Profitability, investment, and sales/export indicators have shown consistent improvement in PBSI throughout the four rounds of the survey. The business cost indicator, which had gone down in the previous round, has had significant improvement. On the other hand, employment and wage indicators have seen slight decreases.

The business confidence for April-June 2021 shows a significant decline over business confidence in January-March 2020. This is quite concerning, as there had been consistent increases in the BCI in all the previous rounds. Even in the sub-indicators, all of them have seen a decrease in their BCI scores for the April-June 2021 quarter compared to the previous quarter. A possible explanation for this fall in business confidence is the second wave of COVID-19 taking place in 2021, along with fears of new variants of the disease spreading in the country.

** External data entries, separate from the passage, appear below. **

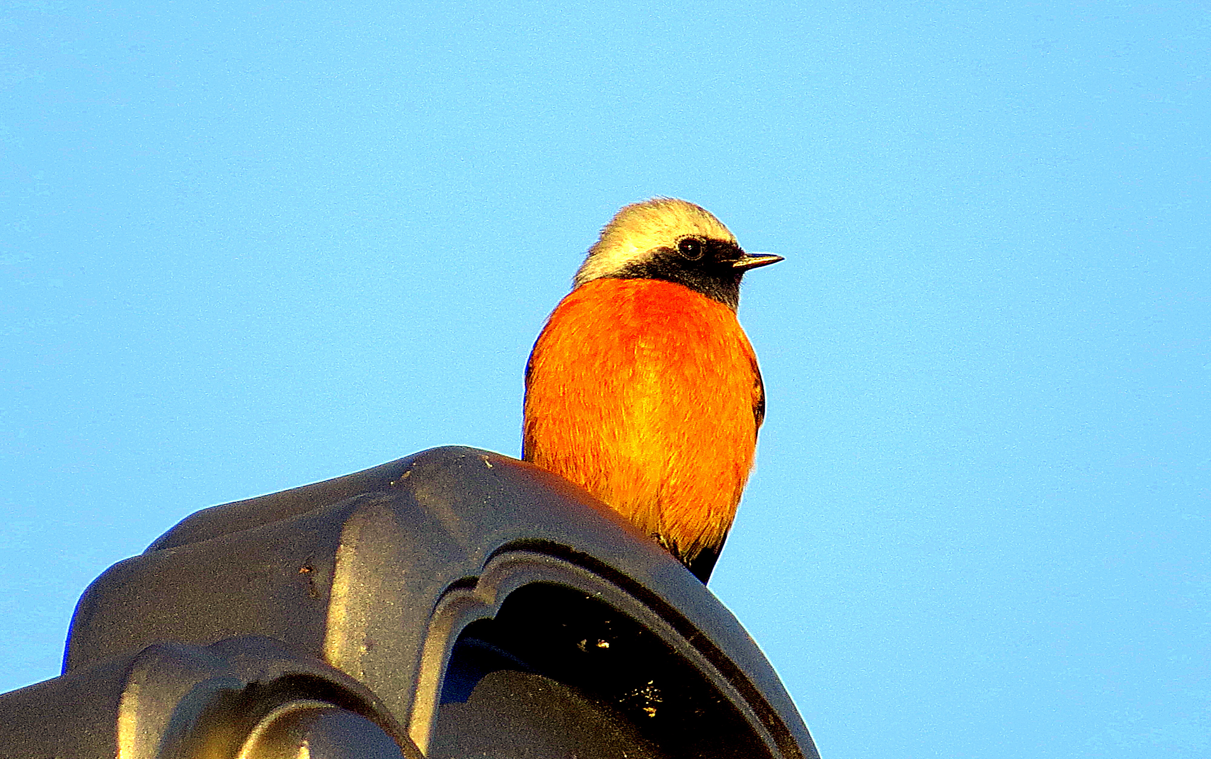 屋根の上のジョウビタキ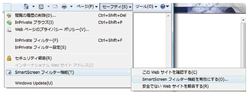 Internet Explorer 8.0の場合(SmartScreen フィルター機能)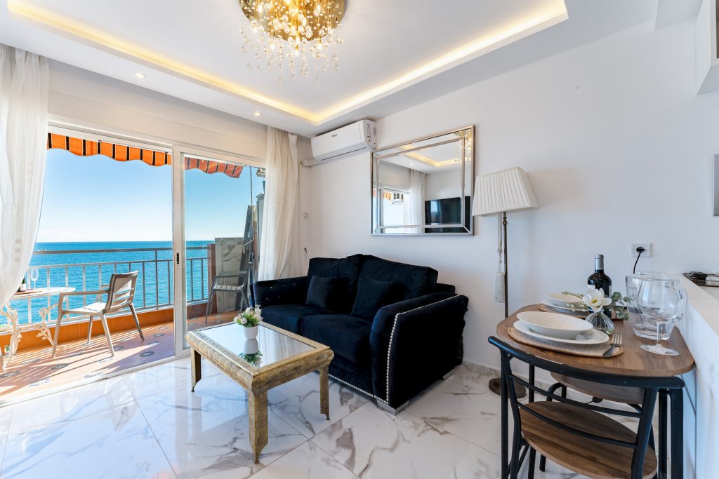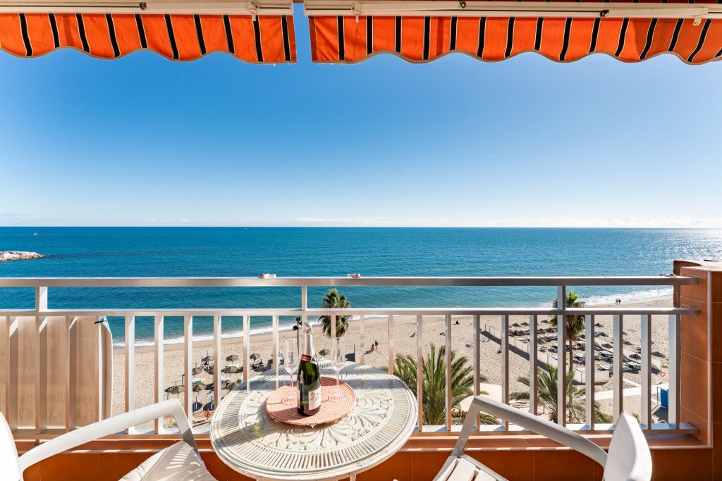 Acogedor y luminoso apartamento situado en primera línea del Paseo Marítimo de Fuengirola, con terraza privada y vistas frontales al mar. Un espacio ideal para relajarse, desayunar al sol o disfrutar de los atardeceres frente a la playa.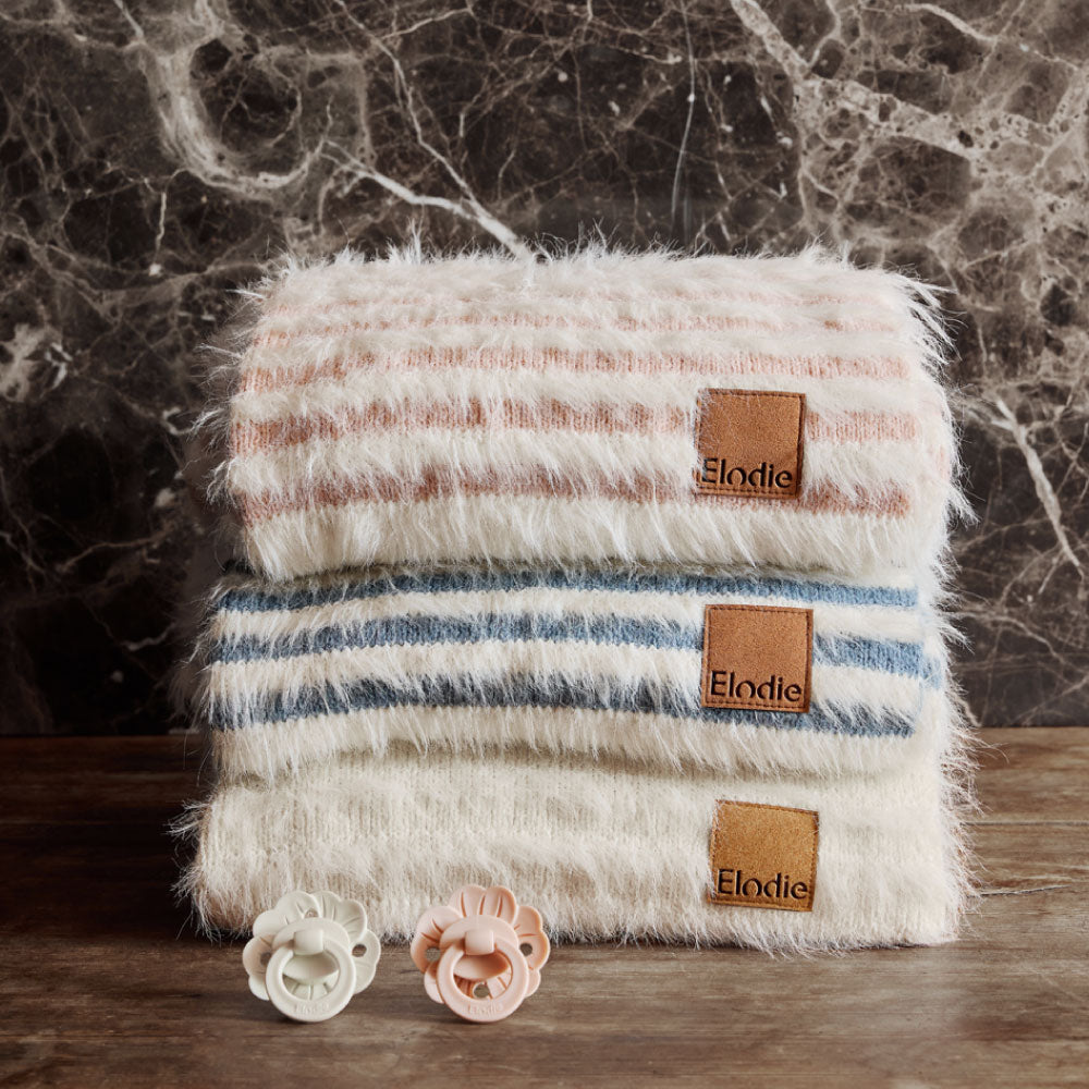 ファー付きニットブランケットで、赤ちゃんをやさしく包み込み、快適に暖かく保ちましょう。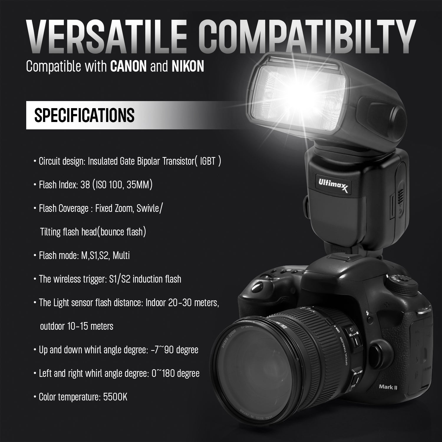 Universal Auto Flash w/ LCD Display by Ultimaxx, Slave Mode, Carry Pouch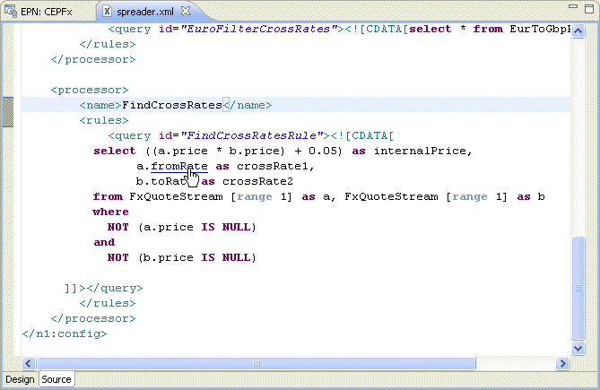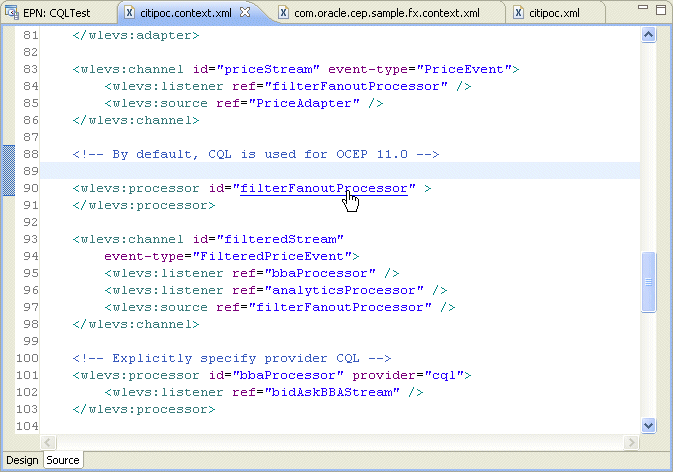 コンポーネント構成ファイル、EPNアセンブリ・ファイル、またはOracle CQL文を編集するときに、「Ctrl」キーを押してハイパーリンクを有効にします。ハイパーリンクを使用すると、アセンブリ・ファイルと構成ファイルの間を移動し、参照IDに従ってBeanの実装クラスに簡単に移動できます。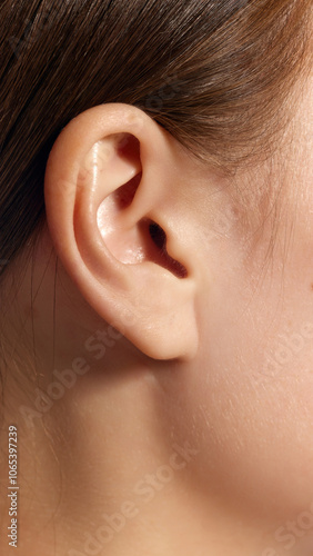 Extremely close-up of female ear without piercing, jewelry. Healthy, smooth skin. Concept of beauty, healthcare, freshness and wellness, confidence. Ad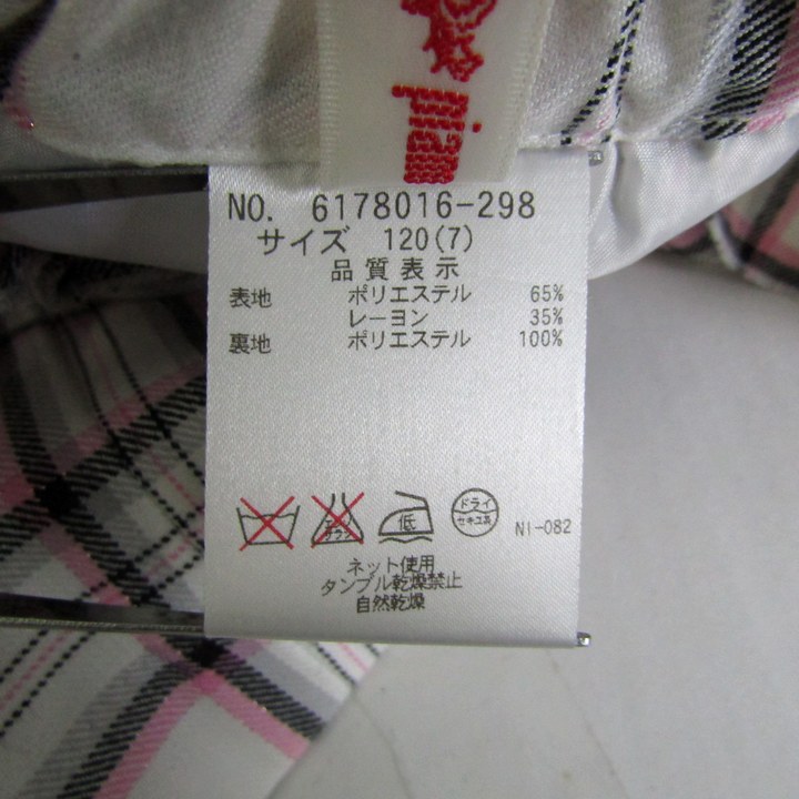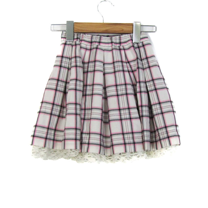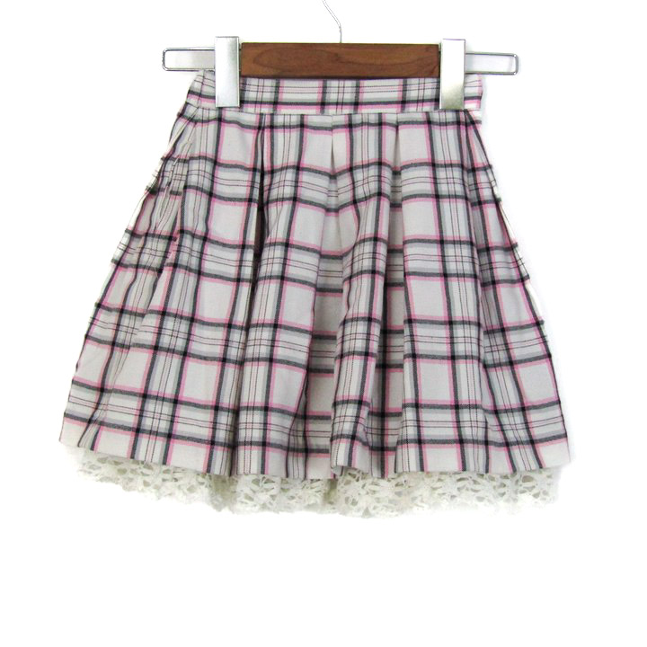 メゾピアノ フレアスカート チェック柄 レース ボトムス キッズ 女の子用 120サイズ ピンク×ホワイト×ブラック Mezzo Piano 【中古】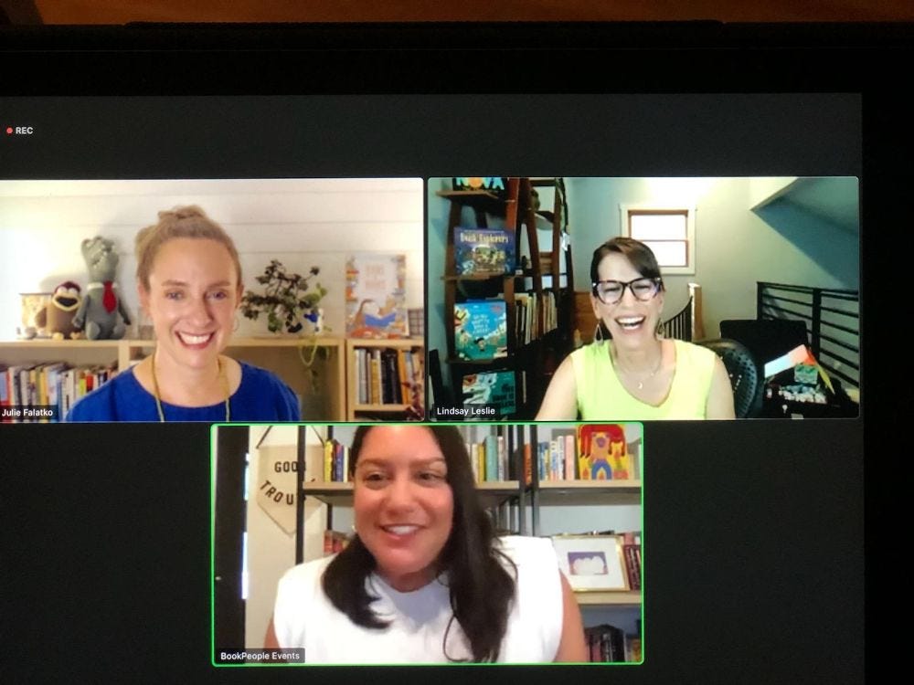 Did you come hear Lindsay Leslie and I talk about our new books with BookPeople on Tuesday? We had a great time talking about how we come up books and our writing processes. Lindsay waits for an idea to really be calling to her before she starts writing, whereas I tend to work on an idea for a bit and then sometimes realize it's not working. Also Lindsay often comes up with titles first, and I usually come up with them last. Lindsay's new book is So You Want to Build a Library, and it's a super fun and imaginative way to think about what you might want in your ideal library, like maybe a sundae bar and a hot tub. If you're in Austin, you can get signed copies of Lindsay's book at BookPeople, and I sent them a bunch of bookplates, so you can get a signed copy of Yours in Books from there, too! (Photo above is by my friend Kim Campbell -- thank you, Kim! Also note how much better my Zoom background is here in the writing shed.)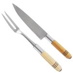 Conjunto de Garfo e Faca para Churrasco, Produzido em aço inox com acabamento em bambu de reflorestamento de excelente qualidade.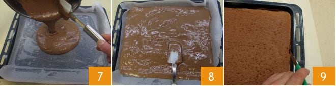 Butter and line a baking sheet with a sheet of parchment paper measuring 12x16 inches; pour the cocoa batter you made 7, spreading it evenly and smoothing it gently with a spatula 8: you should get a layer no higher than 1/4 inch. Bake in a preheated static oven at 392°F for 8-10 minutes (or at 356°F for 5-6 minutes if using a convection oven): the baking of the sponge cake should be short because it needs to stay quite soft. Once cooked, remove it and gently detach the edges that have stuck to the pan with a knife 9.
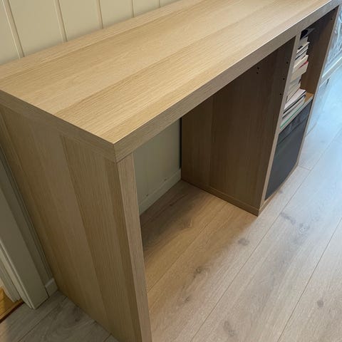 Romslig skrivepult i eikefiner med oppbevaringsdel på høyre side.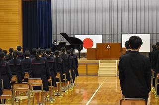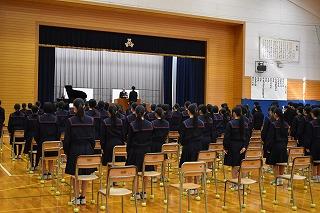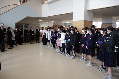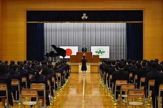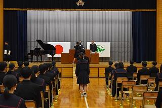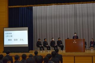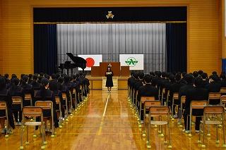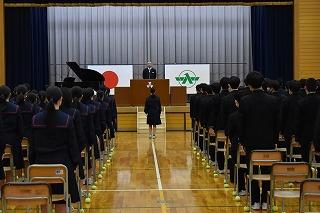 答辞は、卒業生を代表して北口美羽さんが務めました。部活動、運動会、文化祭などの3年間のかけがえのないたくさんの思い出を振り返るとともに、先生方、家族、友への感謝を、気持ちを込めて綴ってくれました。答辞の中にあった「こうして過ごしていることは当たり前ではなく奇跡の毎日」、私たちはこの言葉をしっかりと胸に刻み、前に向かって、未来という空に向かって、歩みを進めていきましょう。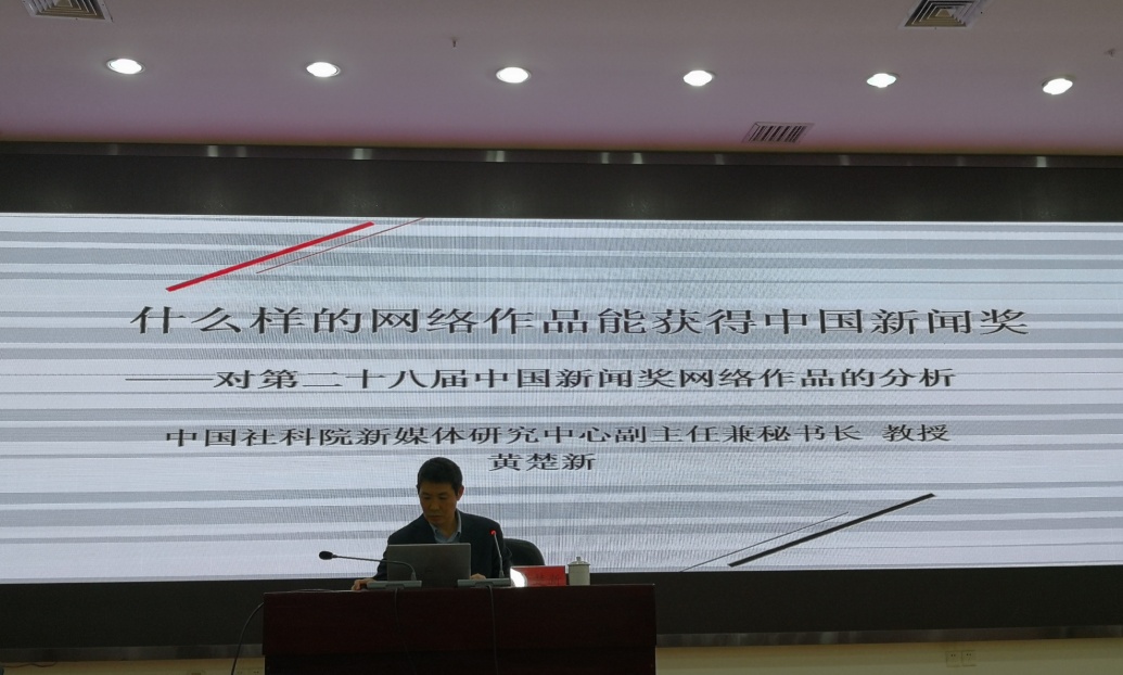 12月20日,中国社会科学院新闻与传播研究所新闻学研究室主任、第二十八届中国新闻奖第十五届长江韬奋奖专家评委、中记协新媒体专委会委员黄楚新教授,澎湃新闻副总编辑黄杨一行走进“多彩贵州传媒大讲堂”,分别围绕什么样的网络新闻可能获得中国新闻奖、第二十八届中国新闻奖一等奖作品《天渠:遵义老村支书黄大发36年引水修渠记》采访、创作和获奖背后的故事与采编人员和师生进行了充分交流。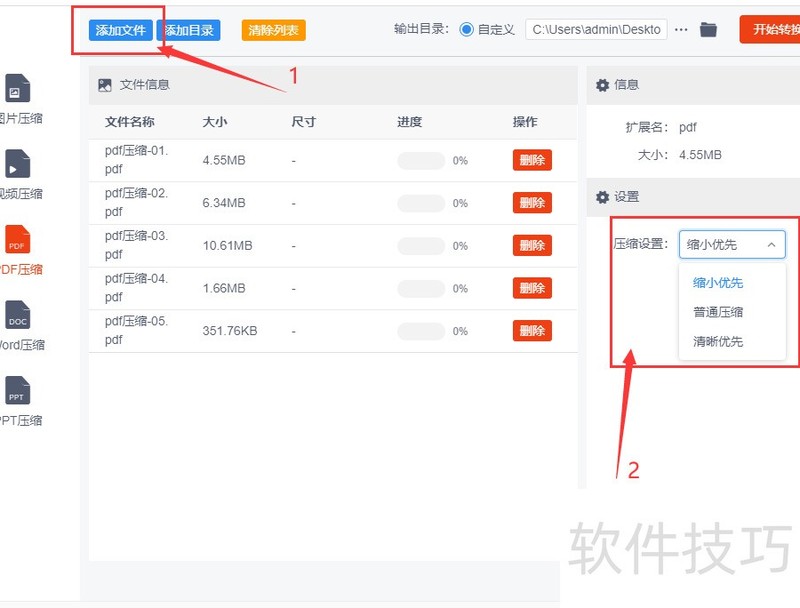 第二步,点击按钮,导入需压缩的PDF文件,支持批量操作以节省时间;随后设置压缩选项,选择合适的压缩模式。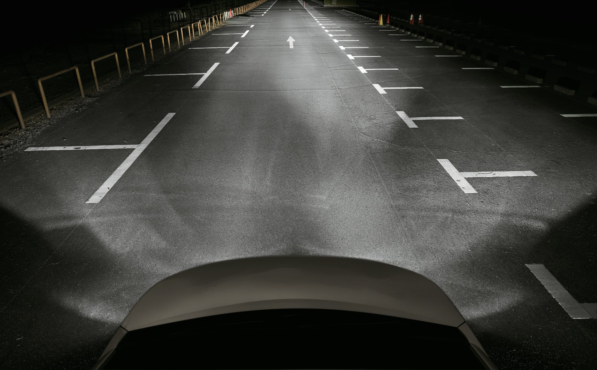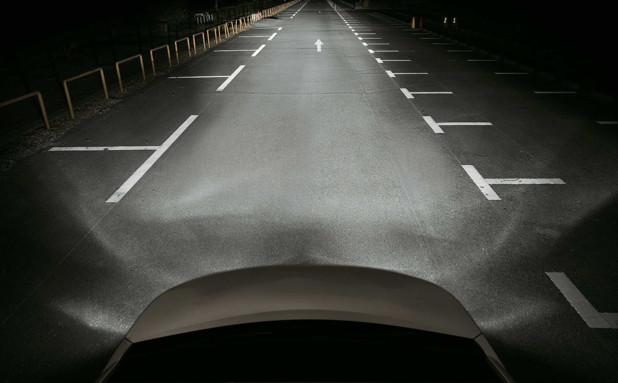 H4バルブ上側に高輝度LEDを実装することで、照射範囲を広げることができ、H4バルブ特有の手前側の暗さを解消しました。常時点灯するため、Hi/Loビーム共に路面をしっかり照射します。

The EBI scores in all four rounds are found between 25 and 50, indicating that the overall business environment is unfavourable for the firms. However, there is some hope in the fourth round – while the EBI score previously decreased in the third round, it has increased in the January-March 2021 quarter. Similar trends are seen in the sub-indicators, where most of them have had increases in their EBI scores.

There has been a sequential decline in the gap between expectations and reality amongst the firms. In this round, BCI scores were lower than the PBSI scores for the first time. Thus, the ratio between BCI and PBSI fell below 1 for most of the firms.

Before the current upsurge of COVID-19 (in March 2021), 34% of the firms thought that the economy was on a strong recovery, while 14% of the firms stated it was on a weak recovery, and 52% thought it was on a moderate recovery.

After the current upsurge of the COVID-19, only 2% of the firms stated that the economy would be on a strong recovery, 68% thought it would be on a weak recovery, and 31% thought it would be on a moderate recovery.

The firms, on average, have been able to recover themselves by 57% of the damages that occurred during the pandemic (March 2020 – March 2021). Most notably, the Financial sector has been able to recover 73% of their damages, followed by Pharmaceuticals and Chemicals (72%), RMG (67%), and Textiles (66%), amongst others. This shows that the firms have not gone back to the pre-pandemic situation as of yet.

In the fourth round, around 69% of the surveyed firms have not received a stimulus package. Among the overall stimulus package recipients, 57.8% of RMG firms received the package while no ICT & Telecommunication and Other Services firms received it. In terms of firm size, only 9% of micro and small firms have received the package, while 46% of large firms were recipients.

Like the previous rounds of the survey, recipients of the packages faced problems due to lengthy procedures, difficulty in bank services, and procedural application systems. Those who did not receive it said that the incentive package is not a grant, no package for the industry, procedural and bank-related difficulties. No significant improvements were observed on these indicators.